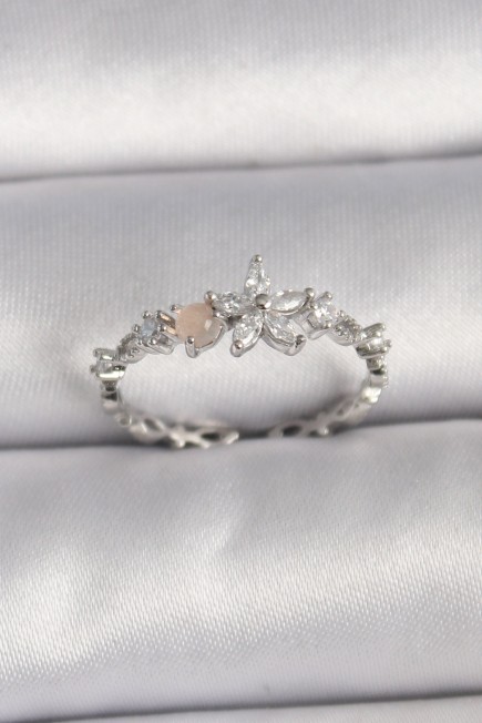 Pirinç Gümüş Renk Zirkon Taşlı Çiçek Model Ayarlanabilir Yüzük - 259981
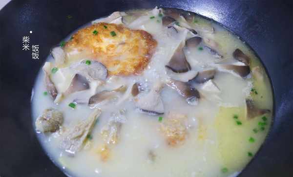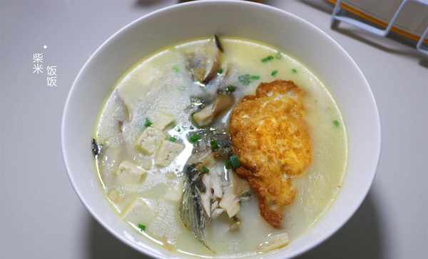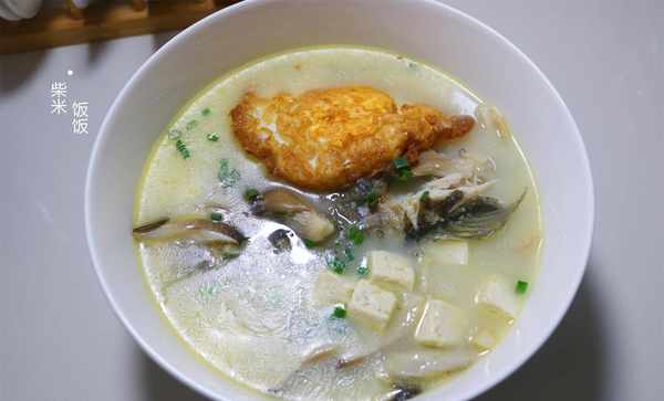 【食材】鲫鱼、豆腐、平菇、鸡蛋、香葱、姜、盐、胡椒粉
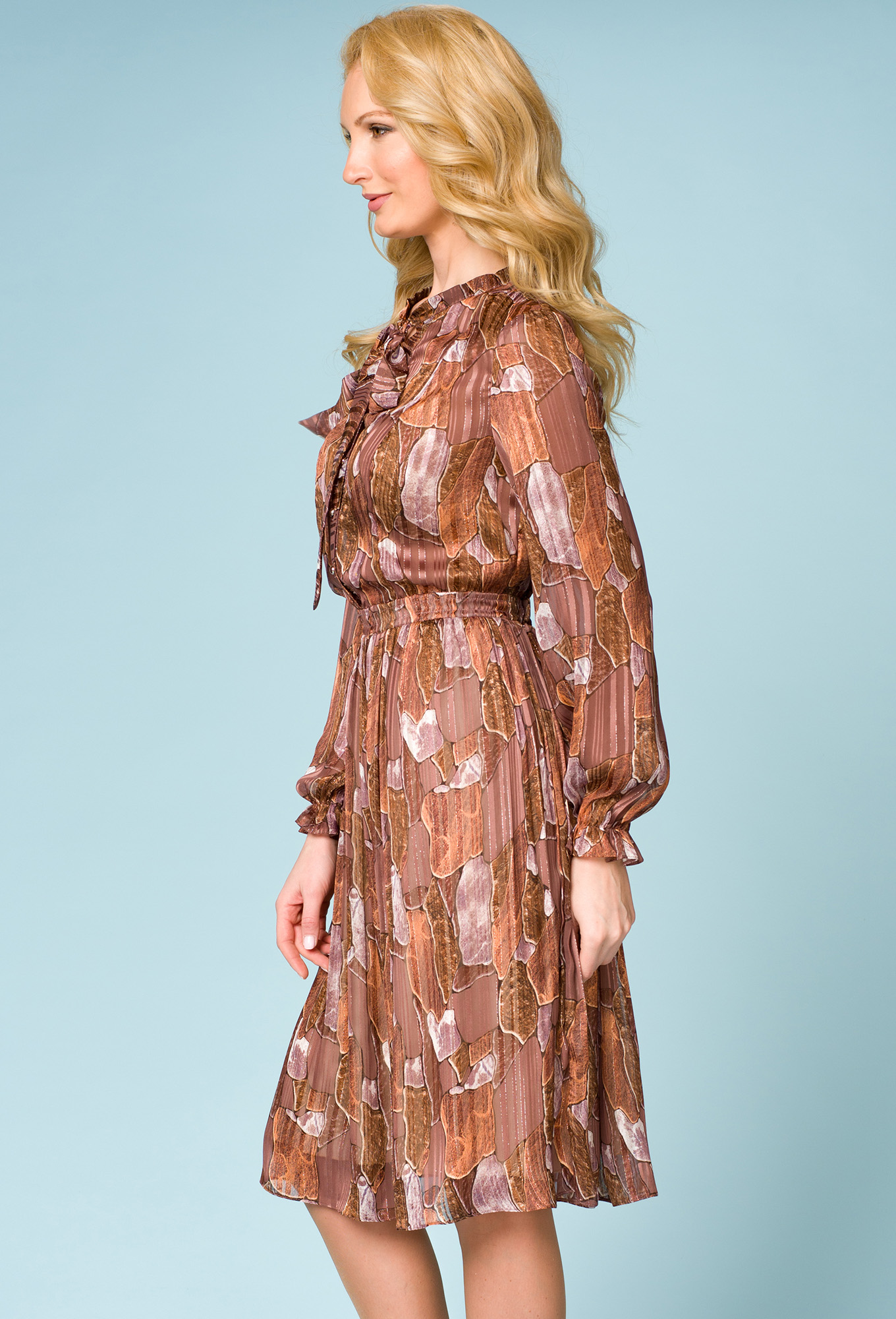Платье полуприлегающего силуэта с длинным рукавом. Горловина округлая с воротником стойкой переходящей в бант, застежка на петли и
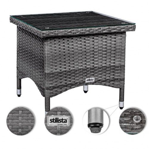 Odkladací stolík vrátane sklenenej dosky je vyrobený z ručne tkaného polyratanu. Je ideálny na vnútorné aj vonkajšie použitie, napr. na terasu, záhradu, do zimnej záhrady alebo na balkón, a hodí sa do každého interiéru. Robustná konštrukcia je obalená polyratanovým prútím odolným proti poveternostným vplyvom a UV žiareniu. Vďaka predmontovaným skrutkám je možné stolík veľmi ľahko vyrovnať pri nerovnostiach podlahy.
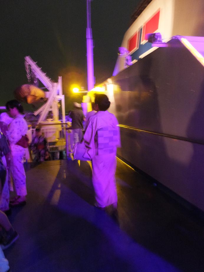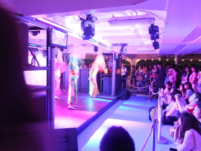 上のデッキはDJに浴衣ダンサーズの踊りも。すごい混雑してました。(写真がピンボケです)
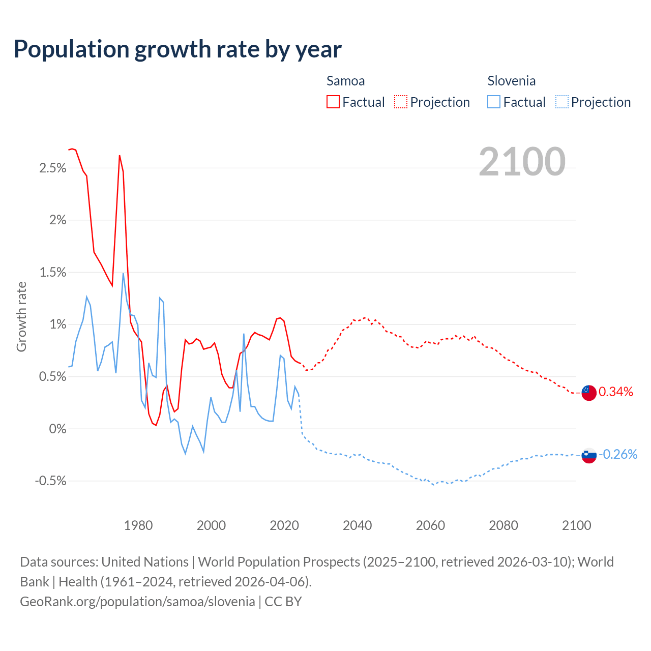- For the last 10 years, Samoa has had an average growth rate of +0.87% per year vs +0.29% in Slovenia.
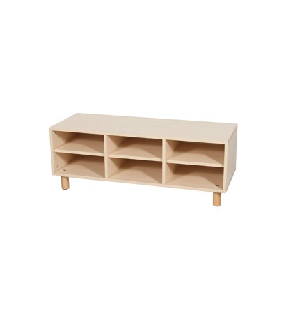 Mobile realizzato con legno nobilitato color faggio chiaro di spessore 19 mm con bordi a vista arrotondati. Il mobile è assemblato mediante perni e barilotti in acciaio e appoggia su 5 piedini cilindrici realizzati in legno di diametro mm 60x100h con scivolanti in ABS, per una maggiore stabilità. La schiena del mobile è in nobilitato bianco di spessore 10 mm ed è a vista per consentire un posizionamento anche in centro locale come divisore. E’ possibile su richiesta montare il mobile su ruote oppure su zoccolo.
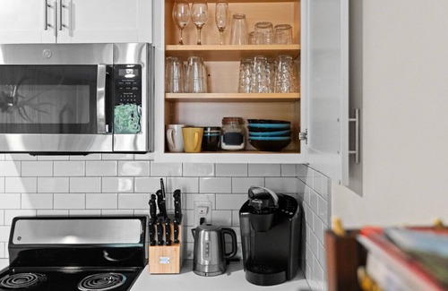 Our newly renovated 1-bedroom home features a comfortable bed with hotel sheets (read the reviews about the mattress), a queen pull-out couch, and an additional rollaway bed stored in the master bedroom closet. The bathroom includes a shower and hotel-quality towels and linens. You’ll find a fully equipped kitchen with fridge/freezer, oven and stove, microwave, toaster oven, coffeemaker, and high-speed WiFi (500 MB) throughout—ideal for remote work.
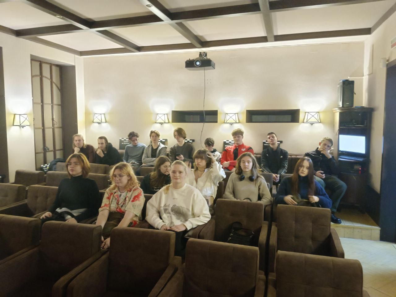 В сопровождении доцента кафедры кино и телевидения Сергея Карбовского будущие абитуриенты БГАИ окунулись в мир истории белорусского кинематографа и кинокультуры в целом.
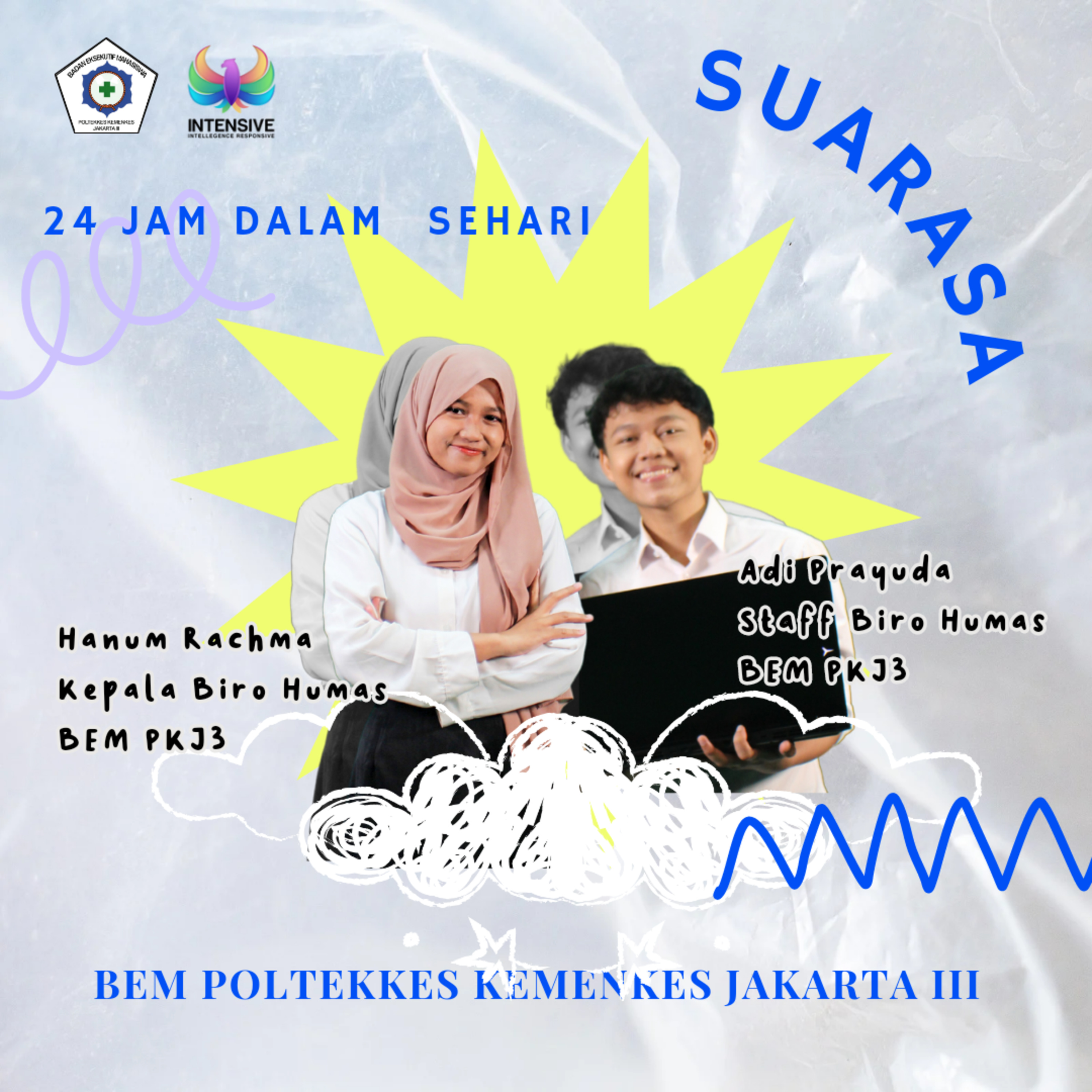 Kali ini kita mengangkat tema 24/7 sebagai mahasiswa dan organisator dengan menghadirkan Hanum Rachma (kabiro humas) dan Adi Prayudha (staf humas). Kira-kira bagaimana ya cara mereka mengatur waktunya? Yuk cari tau dan dengar jawabannya.
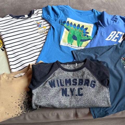8 langermet t shorter i str 122/128. To i str 120, en i 122 og resten er 122/128. Anmerkninger kan forekomme. Fant ett lite hull på den ene, se bilde.
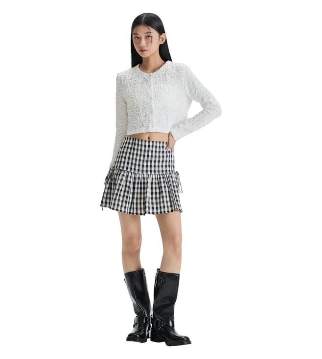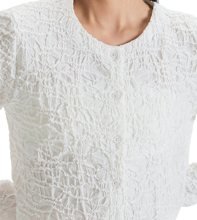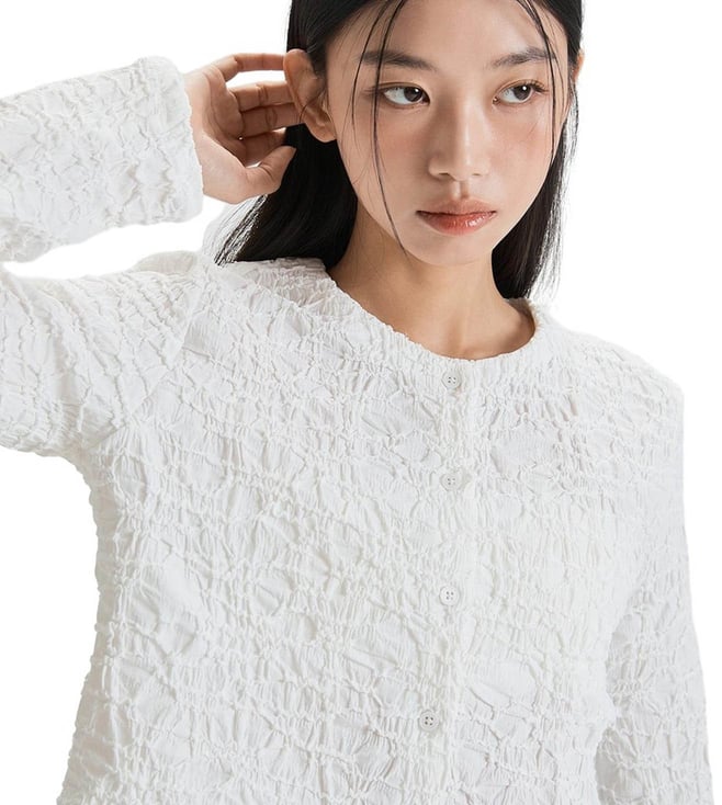 MIXXO White Embroidered Regular Fit Cardigan Blouse
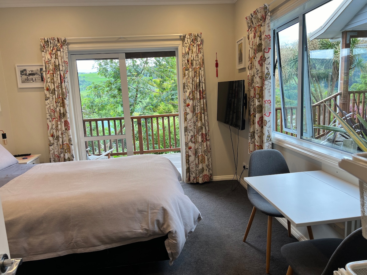 Vores Waverley-studie er lys, solrig og moderne med den mest fantastiske udsigt over havnen. Vågn op til den smukke solopgang over Otago-halvøen. Denne bolig får sol hele dagen med en fantastisk udsigt helt ned til havet og tilbage til byen. Der er privat adgang til studiet, som ligger under vores familiebolig. Der er kun ekstern adgang til studio-værelset. Det er selvstændigt med køleskab, kande, brødrister, mikrobølgeovn, badeværelse, garderobe og en stue. Den har en luksuriøs queensize-dobbeltseng.
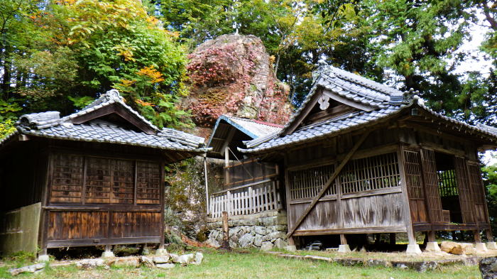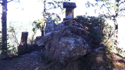 ![]() 600mピークの城跡には刈安神社が建ち、背後に巨岩の烏帽子岩。 写っていませんが、左の大きな籠所は崩壊寸前で、来月解体されます。 廃材の運搬のため、参道整備されているのですね。山頂へは、社殿の左右から回り込めます。 (10:30) |
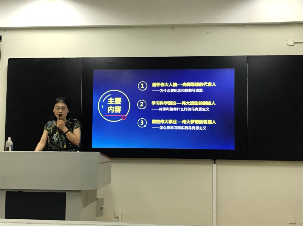刘静老师从“为什么要纪念和致敬马克思”、“传承和信仰什么样的马克思主义”、“怎么样学习和实践马克思主义”三个方面展开论述,阐述了马克思这位“千年第一思想家“,他有理想、有本领、有担当的一生。她还从“三个飞跃“论证了伟大运动在中国创造的奇迹,”四个理论“概括了马克思主义鲜明特征。马克思主义始终是我们党和国家的指导思想,是我们认识世界、把握规律、追求真理、改造世界的强大思想武器。
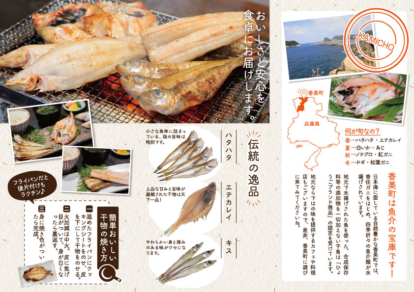 漁業が盛んな香住の地で、干物を生産している丸松西上商店様のパンフレット制作に携わらせていただきました。
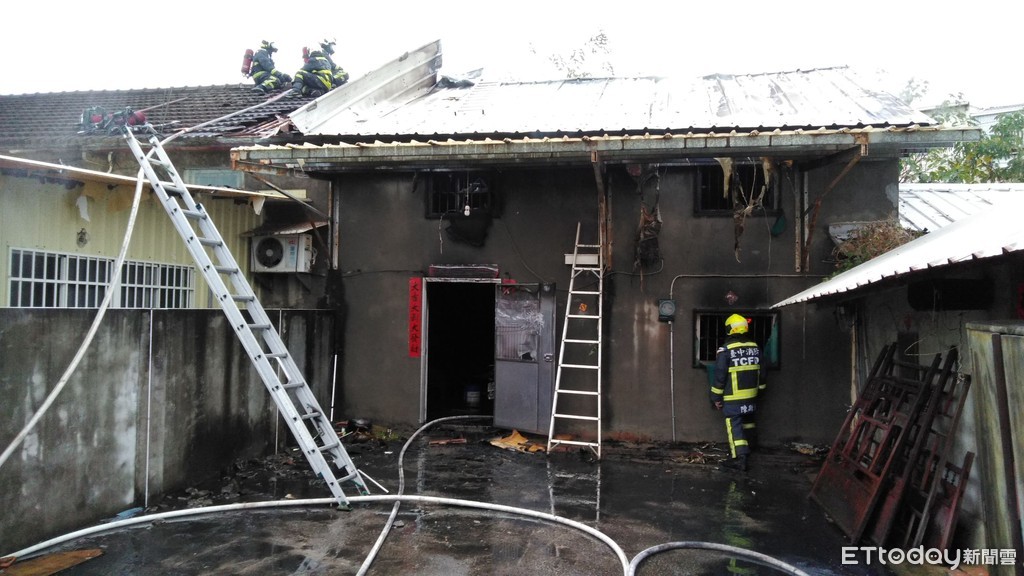▲台中沙鹿區臺灣大道七段28日凌晨6時許傳出火警,目前確定1死1傷。(圖/記者鄧木卿翻攝)
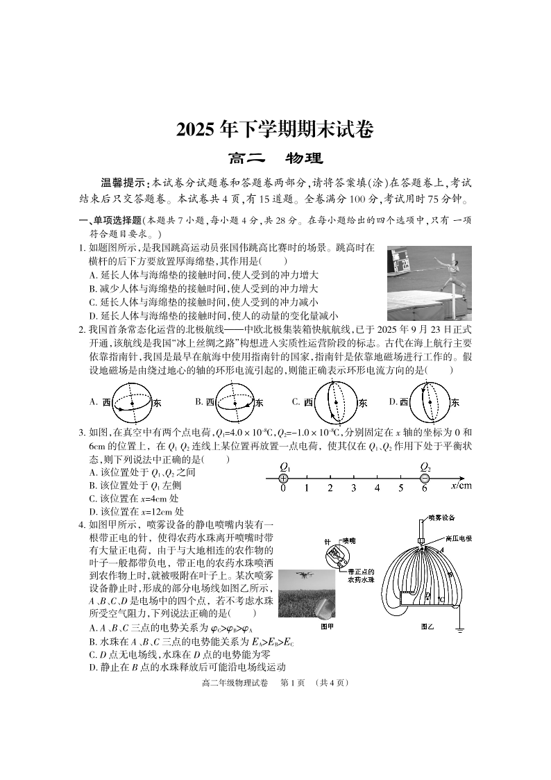 高二物理--湖南岳阳市岳阳楼区2025-2026学年高二上学期期末考试
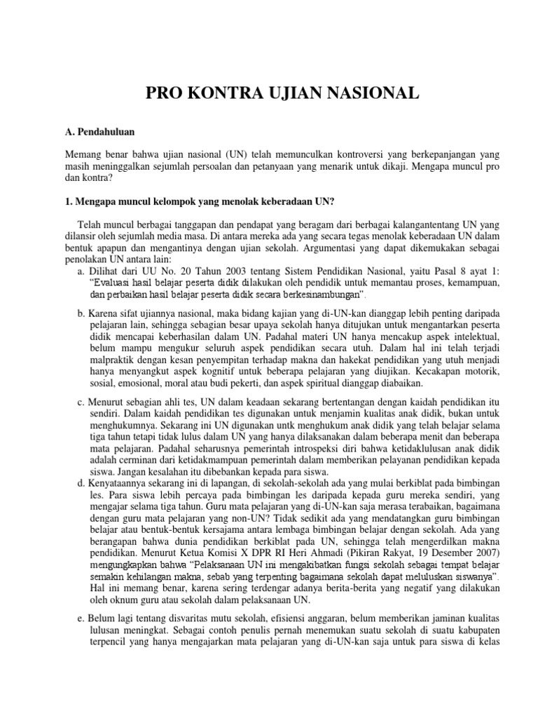 Pro-Kontra UN Dihapus. Argumen pro kebijakan ini lebih banyak daripada yang kontra mungkin. Di sisi lain banyak pihak yang pro dan kontra akan wacana penghapusan Ujian Nasional ini.
++++++
Aim of the task: Everything from the line with "上のデッキはDJに浴衣ダンサ" through the line with "Mobile realizzato con" in the material above should be transcribed exactly, except the pictures.

Output of the exercise:
 上のデッキはDJに浴衣ダンサーズの踊りも。すごい混雑してました。(写真がピンボケです)
- For the last 10 years, Samoa has had an average growth rate of +0.87% per year vs +0.29% in Slovenia.
 Mobile realizzato con legno nobilitato color faggio chiaro di spessore 19 mm con bordi a vista arrotondati. Il mobile è assemblato mediante perni e barilotti in acciaio e appoggia su 5 piedini cilindrici realizzati in legno di diametro mm 60x100h con scivolanti in ABS, per una maggiore stabilità. La schiena del mobile è in nobilitato bianco di spessore 10 mm ed è a vista per consentire un posizionamento anche in centro locale come divisore. E’ possibile su richiesta montare il mobile su ruote oppure su zoccolo.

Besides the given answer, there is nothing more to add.